Required action
Output, exactly as written, the lines below from the one that has "[Comfortable Wireless Keyboard" through the one that has "여러 금융 기관에서도"; nothing else, and no pictures.

Records for this exercise
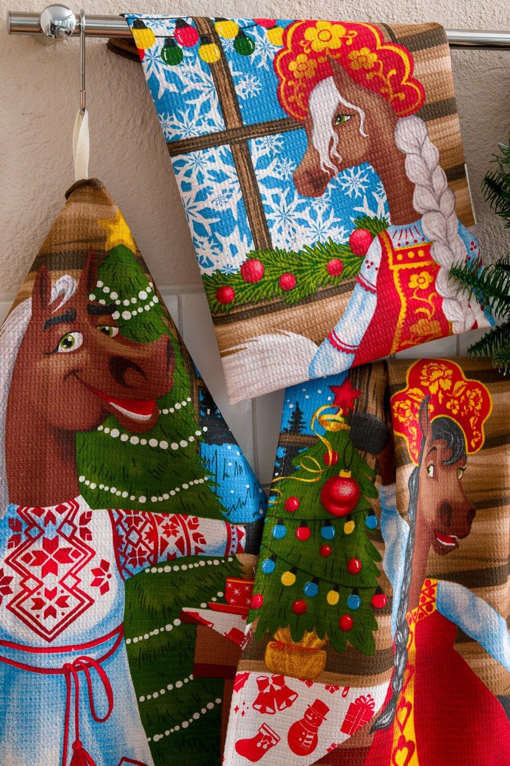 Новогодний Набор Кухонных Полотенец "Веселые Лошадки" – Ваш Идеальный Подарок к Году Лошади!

==

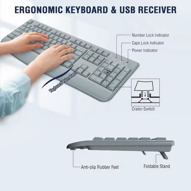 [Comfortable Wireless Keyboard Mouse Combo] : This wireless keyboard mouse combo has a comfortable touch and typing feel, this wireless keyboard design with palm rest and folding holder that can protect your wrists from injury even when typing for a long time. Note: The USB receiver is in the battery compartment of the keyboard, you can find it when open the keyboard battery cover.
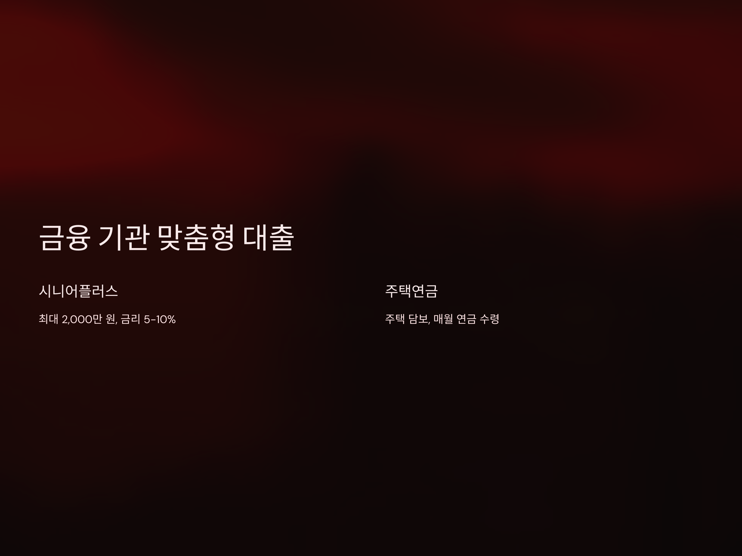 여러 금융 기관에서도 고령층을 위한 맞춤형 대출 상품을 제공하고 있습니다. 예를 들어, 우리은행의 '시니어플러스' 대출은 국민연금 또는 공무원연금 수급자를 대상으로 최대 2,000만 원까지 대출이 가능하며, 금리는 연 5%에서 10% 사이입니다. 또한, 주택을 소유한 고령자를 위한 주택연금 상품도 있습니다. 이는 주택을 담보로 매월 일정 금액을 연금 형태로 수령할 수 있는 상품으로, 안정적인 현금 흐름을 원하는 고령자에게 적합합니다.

Your response
 [Comfortable Wireless Keyboard Mouse Combo] : This wireless keyboard mouse combo has a comfortable touch and typing feel, this wireless keyboard design with palm rest and folding holder that can protect your wrists from injury even when typing for a long time. Note: The USB receiver is in the battery compartment of the keyboard, you can find it when open the keyboard battery cover.
 여러 금융 기관에서도 고령층을 위한 맞춤형 대출 상품을 제공하고 있습니다. 예를 들어, 우리은행의 '시니어플러스' 대출은 국민연금 또는 공무원연금 수급자를 대상으로 최대 2,000만 원까지 대출이 가능하며, 금리는 연 5%에서 10% 사이입니다. 또한, 주택을 소유한 고령자를 위한 주택연금 상품도 있습니다. 이는 주택을 담보로 매월 일정 금액을 연금 형태로 수령할 수 있는 상품으로, 안정적인 현금 흐름을 원하는 고령자에게 적합합니다.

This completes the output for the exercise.